No dudo que esta, la realista, ha sido la idea dominante a lo largo de la modernidad e incluso en quienes se dicen hoy cultores de la democracia, eso sí, mientras no asumen el poder, como en el caso de Juan Manuel Santos, en Colombia. Luego, como se ve, otra es la cosa, pues sin complejos se declaran feligreses de El príncipe.

Lo lamentable es que la obra de Nicolás Maquiavelo, alambicada con su formación histórica y la experiencia de un hombre que en su momento supo y conoció el poder hasta en los tuétanos, contiene máximas y enseñanzas que, efectivamente, no son conformes con la ética; esa que los positivistas, los “progres” –como Ernesto Samper y José Luis Rodríguez Zapatero consideran inasible, vacua, abstracta, o maleable a conveniencia.

Mas, siendo esto así, obviemos entonces el juicio de valor y vayamos a la realidad, al dato duro que tanto moviliza a los opositores partidarios venezolanos. Las prédicas que toman del maestro florentino de la ciencia política moderna, en efecto, tienen un contexto preciso y de nada les sirve, como lo creo, a menos que –cabe la duda– solo les incomode el otro Nicolás, Maduro Moros, pero no sus modos de ejercer el poder dictatorial.   

“Entonces considerándose casi todos los Estados de Europa como patrimonios legítimos de ciertas familias, y a sus habitantes como vasallos –que habían renunciado a los derechos de su naturaleza, o no los conocían–, la ciencia política se reducía a enseñar a los príncipes el modo más fácil y seguro de mantenerse en la posesión de sus dominios, justa o injusta, legítima o abusiva, y cómo podrían sacar de ellos todo el aprovechamiento posible, sin peligro de perderlos por la rebelión o resistencia de sus habitantes”, escribe de la obra de Maquiavelo uno de sus exégetas, en 1831.

En esa estamos. Es este el verdadero parteaguas que aún impide la unidad auténtica entre los opositores venezolanos y cuesta resolver, que no sea para resolver sobre las cosas inmediatas, como ir a elecciones en las que no se elige.

Para unos –llamados radicales y hasta violentos– la democracia es votar y elegir; ver respetados cabalmente los derechos fundamentales; decidir en conciencia contando con información y posibilidades de competitividad reales, mediante la libre confrontación de las opiniones, solo posible donde hay medios de comunicación libres y elecciones justas. Es la democracia, en suma, una forma de vida, un estado del espíritu; lo que piden a gritos y merecen los venezolanos.

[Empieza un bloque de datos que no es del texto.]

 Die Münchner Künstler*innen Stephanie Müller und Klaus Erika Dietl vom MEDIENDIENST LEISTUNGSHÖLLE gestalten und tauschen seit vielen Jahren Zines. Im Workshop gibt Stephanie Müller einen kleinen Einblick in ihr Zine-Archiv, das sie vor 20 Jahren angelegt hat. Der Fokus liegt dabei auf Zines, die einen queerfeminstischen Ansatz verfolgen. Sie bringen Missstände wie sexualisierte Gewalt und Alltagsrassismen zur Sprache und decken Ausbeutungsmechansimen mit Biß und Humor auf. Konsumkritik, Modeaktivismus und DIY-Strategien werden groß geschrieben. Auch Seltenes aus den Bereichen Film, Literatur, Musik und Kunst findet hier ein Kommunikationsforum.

Para otros, la democracia es voto, así muera la misma democracia a fuerza de votos, bajo el peso de mayorías circunstanciales que se hacen del poder y acallan las voces que disienten y las someten, como lo piensan, legítimamente. Es la democracia del usa y tire, la democracia de casino, del azar, en el que unos ganan y otros pierden.

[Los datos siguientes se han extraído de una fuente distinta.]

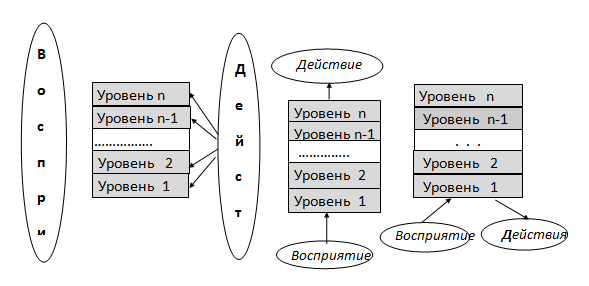 Рис.2 Организация взаимодействия уровней в многоуровневой архитектуре агента

Quien esto escribe, como Luis Almagro, secretario de la OEA, es un esclavo de los principios. Me importan más los mártires escuderos y las víctimas del narcotráfico que dejarle espacio libre a la satrapía, a la criminalidad internacional, al narcotráfico y al terrorismo, que son los grandes males que hipotecan el destino de la humanidad y ante los que se han rendido, por considerarlos imbatibles, algunos gobernantes contemporáneos, en nombre de la paz.